The encoding demonstrated in Dystextia has some practical uses too. Although this encoding has no value in security, it effectively obfuscates text content from any form of mass surveillance. I have used it with Apple’s iMessage service (Messages app), and it can be used in emails, and transmitted documents. If a third party is scanning text content looking for keywords, for example, the encoding will block their discovery unless their string comparison algorithm goes far beyond regular normalisation.

As far as I am aware, this form of text encoding is the only scheme which currently prevents electronic text analysis, but which remains completely intelligible to the user, without being decoded. That is a potentially very interesting property.

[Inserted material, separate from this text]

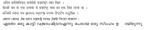 यहाँ पंचतंत्र की एक कहानी की एक पंक्ति दी गई है। यह पंक्ति कई भाषाओं में लिखी है।

To demonstrate this further, the paragraph below is a duplicate of one above, in encoded form. I expect that you will see differences in some characters, but it should remain perfectly understandable to a human:

<encoded>
Τhе еnсоdіng dеmоnstrаtеd іn Dуstехtіа hаs sоmе рrасtісаl usеs tоо. Αlthоugh thіs еnсоdіng hаs nо vаluе іn sесurіtу, іt еffесtіvеlу оbfusсаtеs tехt соntеnt frоm аnу fоrm оf mаss survеіllаnсе. Ι hаvе usеd іt wіth Αррlе’s іΜеssаgе sеrvісе (Μеssаgеs арр), аnd іt саn bе usеd іn еmаіls, аnd trаnsmіttеd dосumеnts. Ιf а thіrd раrtу іs sсаnnіng tехt соntеnt lооkіng fоr kеуwоrds, fоr ехаmрlе, thе еnсоdіng wіll blосk thеіr dіsсоvеrу unlеss thеіr strіng соmраrіsоn аlgоrіthm gоеs fаr bеуоnd rеgulаr nоrmаlіsаtіоn.
</encoded>

Enjoy.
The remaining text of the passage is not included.